Primeiramente
encontrada em 1924 no mosquito Culex pipiens, a Wolbachia
pipientis é uma bactéria presente nas células de cerca de 70% dos
insetos, desde borboletas ao pernilongo.
O Aedes
aegypti, vetor da dengue – considerada a mais importante doença viral
transmitida por mosquitos no mundo –, pertence aos 30% de invertebrados que não
têm a bactéria. Ou não tinham.
Pesquisadores
descreveram, durante o 28º Congresso Internacional de Medicina Tropical, evento
realizado no Rio de Janeiro entre os dias 24 e 27 de setembro pela Sociedade
Brasileira de Medicina Tropical, como a Wolbachia pode atuar
como uma “vacina” para o Aedes, bloqueando a multiplicação do vírus
dentro do inseto ao ser inoculada no mosquito.
Cada cepa
da bactéria é responsável por uma reação em seu hospedeiro.
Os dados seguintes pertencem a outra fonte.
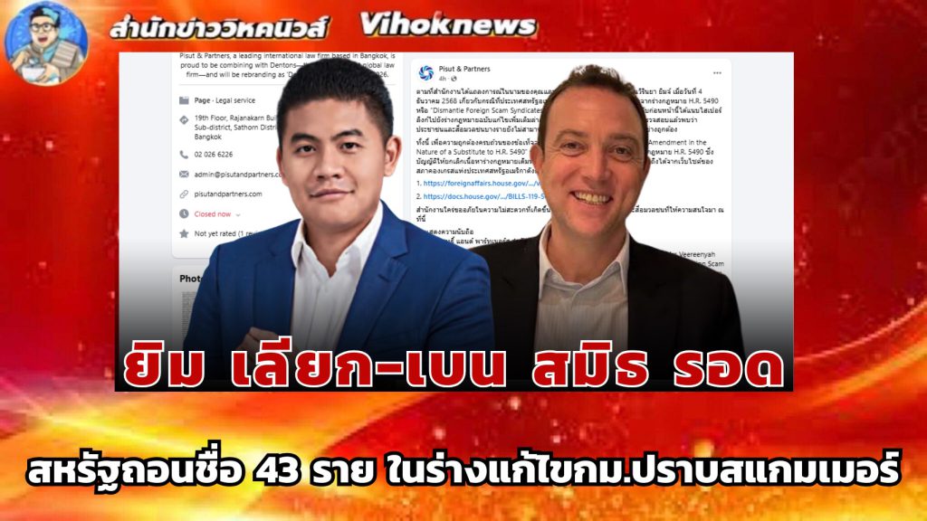 ยิม เลียก-เบน สมิธ รอด !! สหรัฐถอนชื่อ 43 ราย ในร่างแก้ไขกม.ปราบสแกมเมอร์
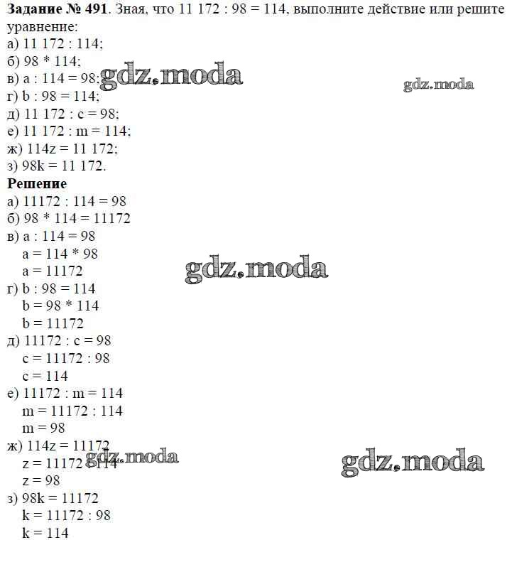 ОТВЕТ на задание № 491 Учебник по Математике 5 класс Виленкин
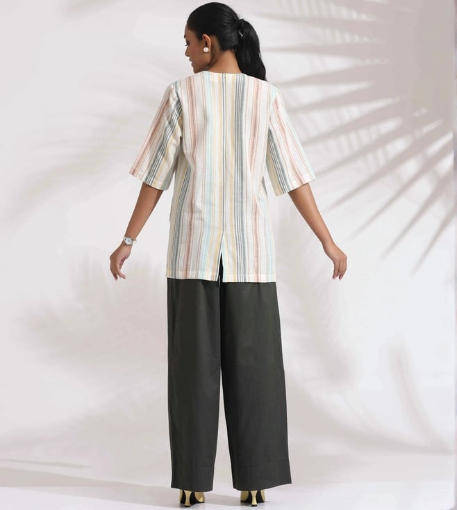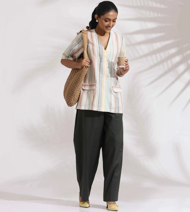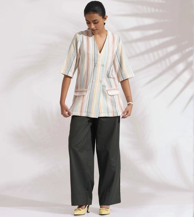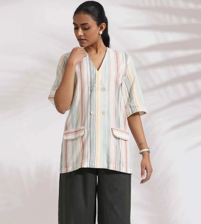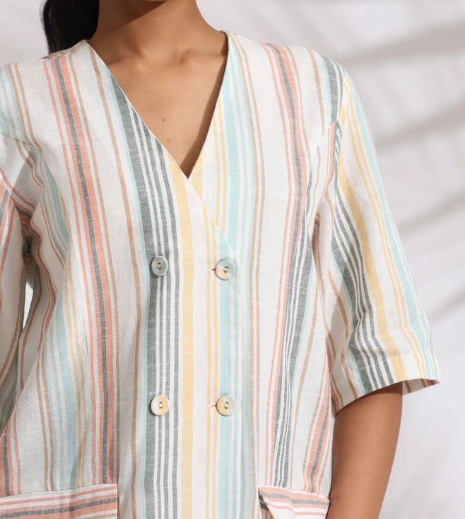 TrueBrowns Off-White Cotton Stripe Jacket Top Co-ord Set
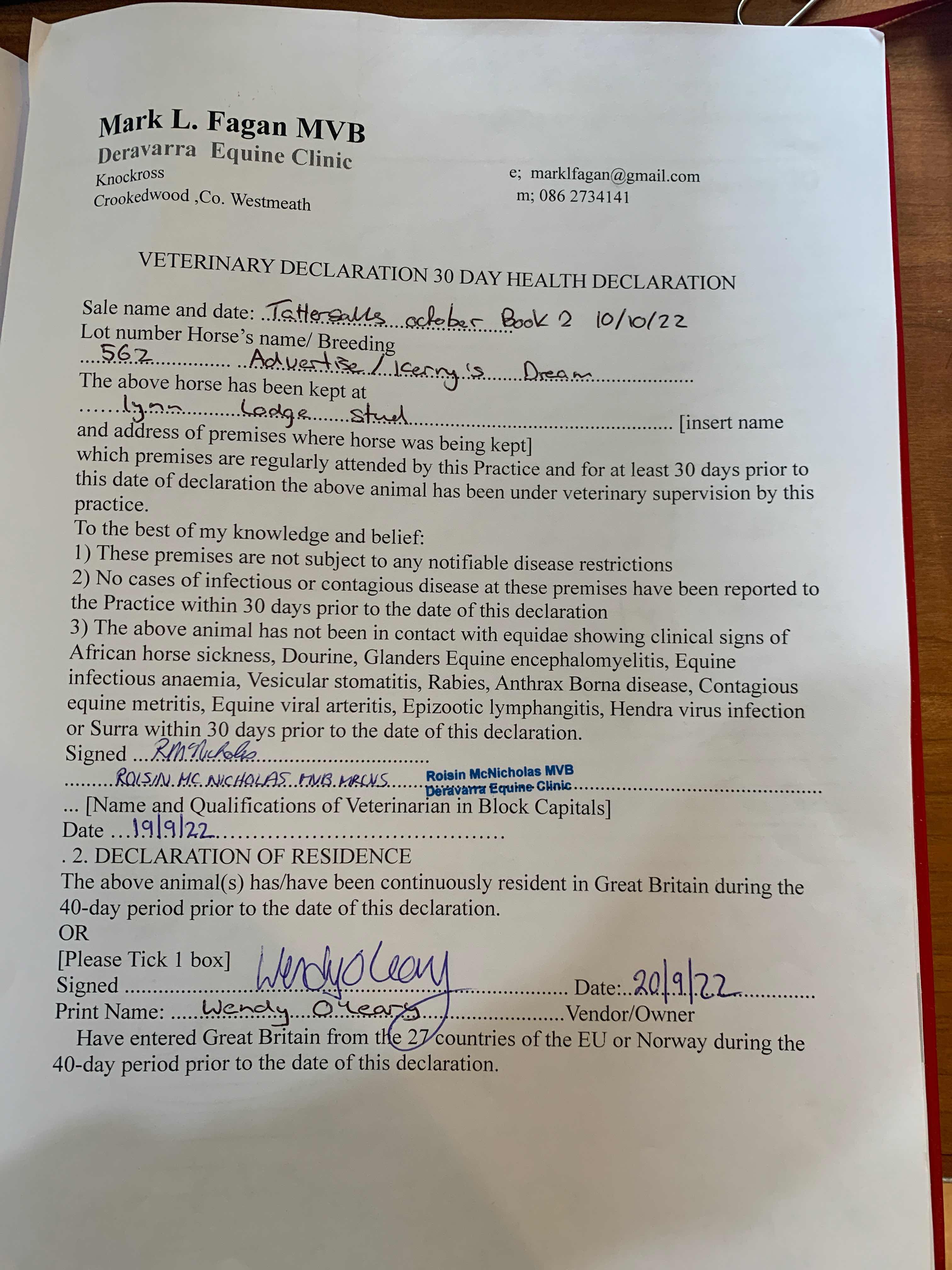 Consignor: Lynn Lodge Stud, Ireland
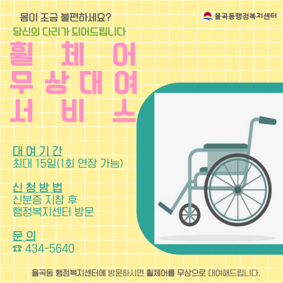 한편, 율곡동행정복지센터 맞춤형복지팀(☏421-2467)에서는 이날부터 「휠체어 무상대여서비스」를 시행하며, 일시적으로 거동이 불편한 주민들은 치료 기간에 따라 최대 30일까지 휠체어를 무료로 이용할 수 있다. |
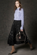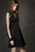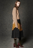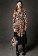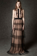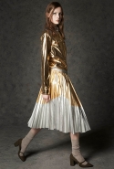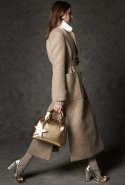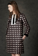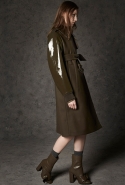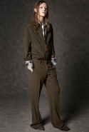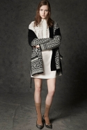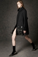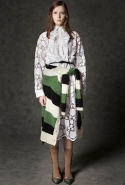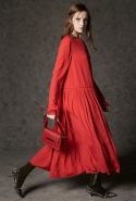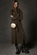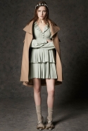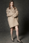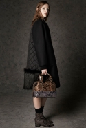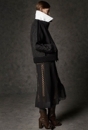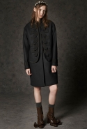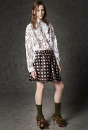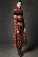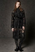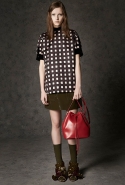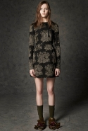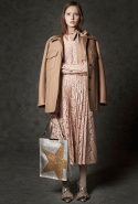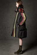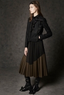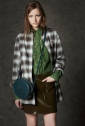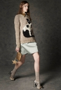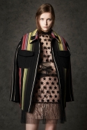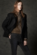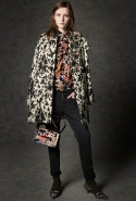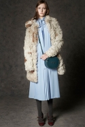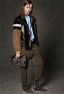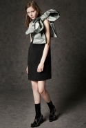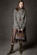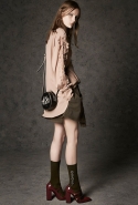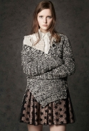 Где-то посередине, между этими двумя полюсами прячутся и другие грани, но именно так обозначенный контраст, конечно, выглядит наиболее показательным. Девушка в вязаном свитере с кошкой против девушки в костюме цвета хаки. Мини с пайетками и перьями, длинные платья с оборками, а рядом кожаные вещи и платья, перешитые из огромных клетчатых рубах. Кружевные блузы и платья против грубых свитеров и шерстяных пальто, их окружающих (тот же ход недавно использовал Кристофер Бейли для Burberry, но в его версии почти все кружева достались мужчинам). Это столкновение двух полюсов можно обнаружить даже в одной вещи — особенно показательной выходит верхняя одежда, суровые по силуэту пальто с массивными плечами, выполненные к тому же в темных тонах, но с отделкой из лент в тон. Они могут лежать на груди, напоминая золотые канты на гусарском мундире, могут висеть ровной бахромой, а могут становиться бантами.
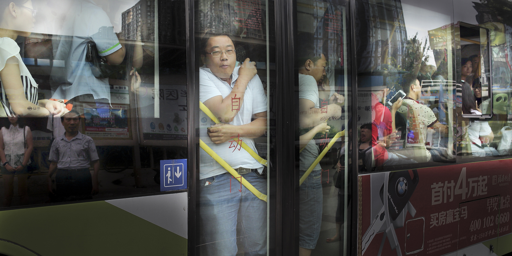 “中国式幸福,从拥有一套房子开始,下一站香汐,幸福即刻启程”一辆从河北燕郊通往北京的公交车载满到北京上班的乘客,距离北京通州只有一河之隔的河北燕郊居住着30多万这样跨省上班族。现实并非广告中描述得那般美好,幸福的背后是漫长路程的煎熬。许多人每天需要花4个多小时在上班路上,却很少有时间享受幸福。高房价与买房限购,使几十万北京上班族选择河北燕郊作为“睡城”。为了能挤上公交车,上班不迟到,他们几乎每天早上五点就得出门,奔波在“朝五晚九”的上下班路上。
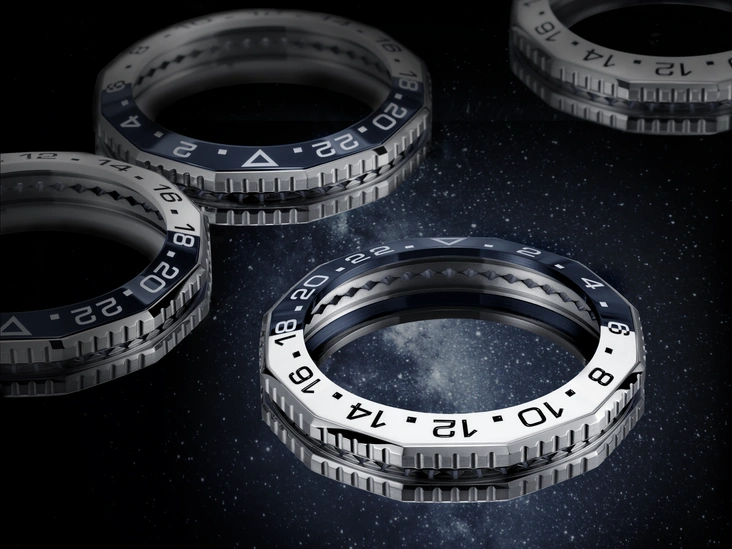 Двухцветный, вращающийся в обоих направлениях безель отлит из керамики, устойчивой к царапинам и выцветанию. Кроме того, чтобы определить день или ночь, безель окрашен в два цвета: темно-синии соответствует ночному времени с 6 вечера до 6 утра; а ярко-белый обозначает дневные часы с 6 утра до 6 вечера. Для точности и легкой считываемости показателей 24-часовая шкала по Гринвичу выгравирована на керамике контрастными цветами: черным для дневного времени и белым для ночного.
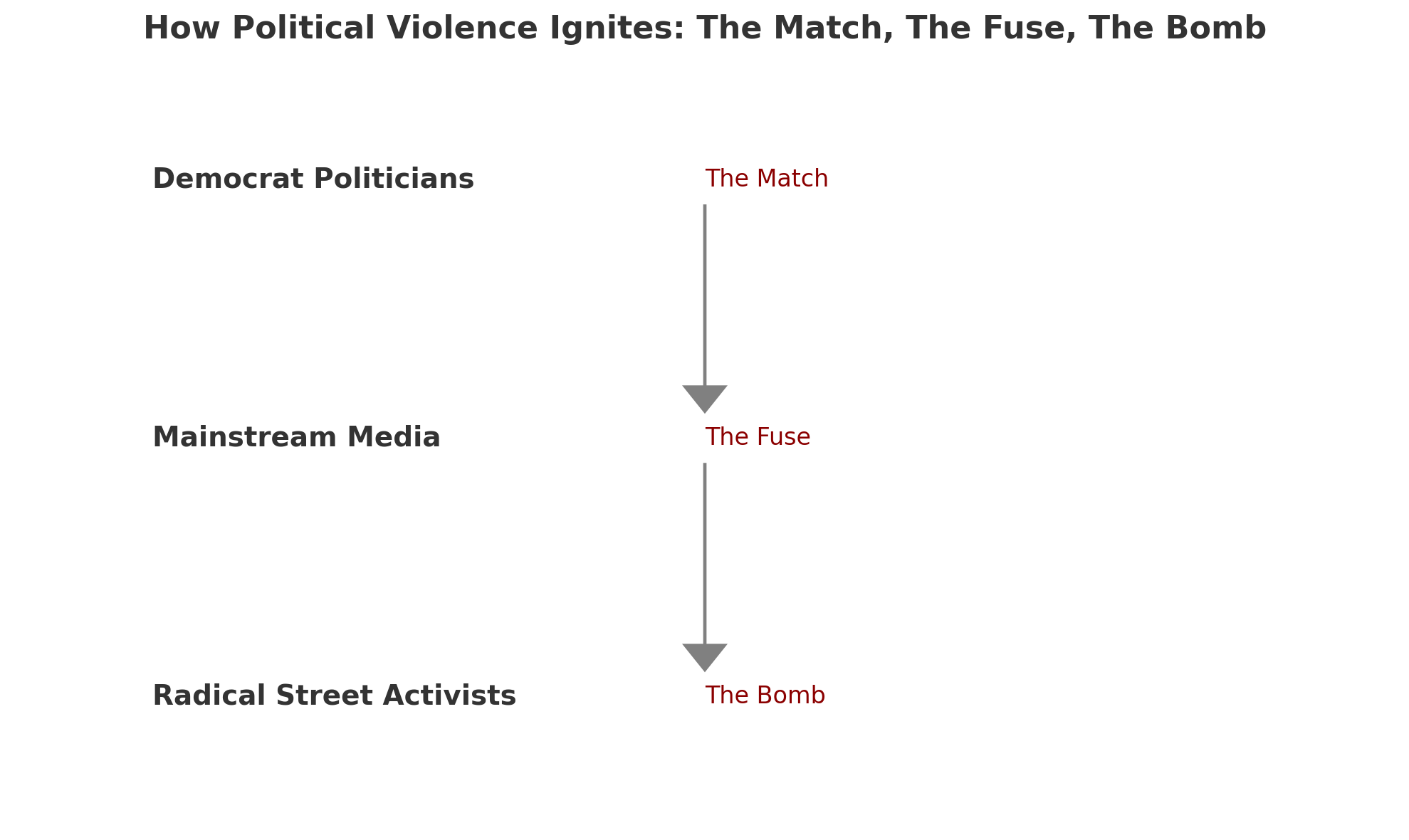 They take that flame and run it straight to the powder keg. MSNBC, CNN, and the editorial boards of major newspapers parrot the talking points of elected Democrats, then amplify them. They don’t frame political disagreements as debates. They frame them as moral emergencies.
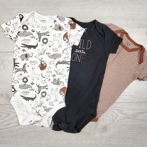 Carters 3pc bodysuit set with wild animals. Size 12 months
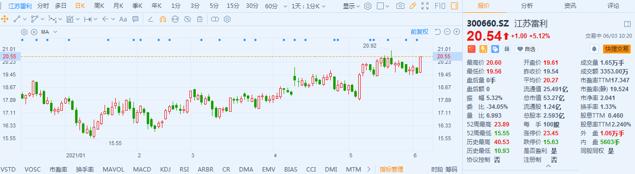 江苏雷利(300660.SZ)持续拉升,现报20.54港元,涨幅5.12%,最新总市值53.27亿。
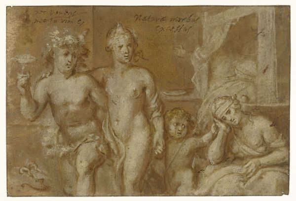 Curator: This is "Adam Accepting the Apple from Eve," believed to have been created around the 17th century. It's currently held at the Minneapolis Institute of Art. What strikes you first about this composition? Editor: It’s somber. Almost monochromatic, relying heavily on shadow to create a sense of drama, even guilt, perhaps? You immediately notice the tangible quality of the figures formed by what appears to be brown oil-paint and charcoal. Curator: Absolutely. Considering it portrays the moment of the Fall, that subdued palette contributes powerfully to its narrative weight. The historical context frames this as a pivotal point of choice and consequence. It makes me think about how women, and Eve specifically, have been positioned through these types of images. Editor: The application of materials seems central to this discussion; note the visible brushstrokes, the blending of oil and charcoal. These choices were certainly deliberate. One may argue that they create the mood you spoke of—but I suggest that these choices could equally signal an exercise of labor intended for a patron. Curator: That’s interesting – labor being central to the patronage and perhaps to our understanding of this creation of a biblical scene. Consider the way the bodies are rendered, their positioning relative to each other. The apple is a symbolic item here; power, knowledge, and rebellion intersect. How might intersectional power dynamics manifest in this art work’s cultural interpretation and historical consumption? Editor: Yes! This intersection suggests a deeper look into how the material making informs the interpretation. How was charcoal sourced? The paint mixture of oil created? This tells us something about access and the social context within which these pieces come together. Curator: So, as we stand before this rendering of temptation and downfall, both the symbolic weight carried through centuries of interpretation and the tangible evidence of its creation using brushstroke and blending remind us that art offers a complex lens for seeing the historical representation of power, choice and creation itself. Editor: Indeed. We've delved into how artistic expression can reveal profound insights. Through this interaction with historical narratives and the materials used to create these visuals, it helps contextualize both subject and production.
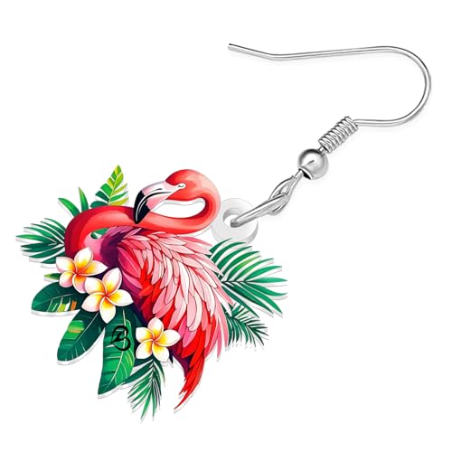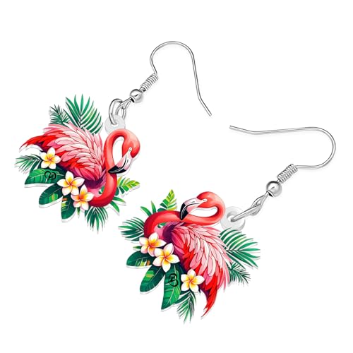 DUOWEI - DUOWEI Acrylic Cute Pink Flamingo Earrings Funny Hawaii Island Beach Tropical Bird Designer Earrings Dangle Lightweight Jewelry Gifts Ideas for Women Mom Animal Lovers Charms
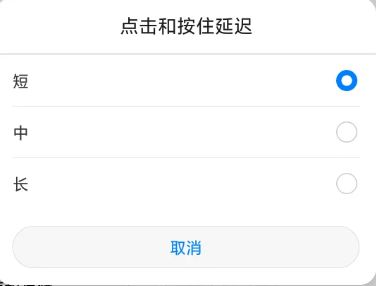 4、最后就可以设置长按延迟的时间,有短、中、长三个选项。
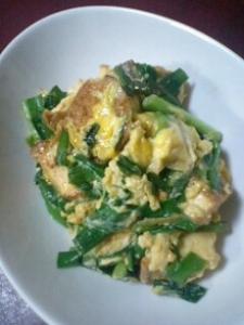 厚揚げは、熱湯をかけて油抜きし、ひと口大にちぎります。卵は割りほぐします。Aの調味量は合わせておきます。

Há alguns anos, ao
observarem que ela diminuía pela metade o tempo de vida da Drosophila (a
mosca-das-frutas), cientistas do programa internacional “Eliminar a Dengue:
Nosso Desafio”, liderados por Scott O’Neill, da Universidade de Monash
(Melbourne, Austrália), demonstraram que a Wolbachia, se inoculada
no Aedes aegypti, poderia também reduzir a longevidade do mosquito,
diminuindo a sua capacidade de transmitir o vírus.
“Se o
mosquito vivesse pela metade, ele teria menor chance de transmitir o vírus, já
que esse precisa ficar incubado de oito a dez dias dentro do corpo do vetor.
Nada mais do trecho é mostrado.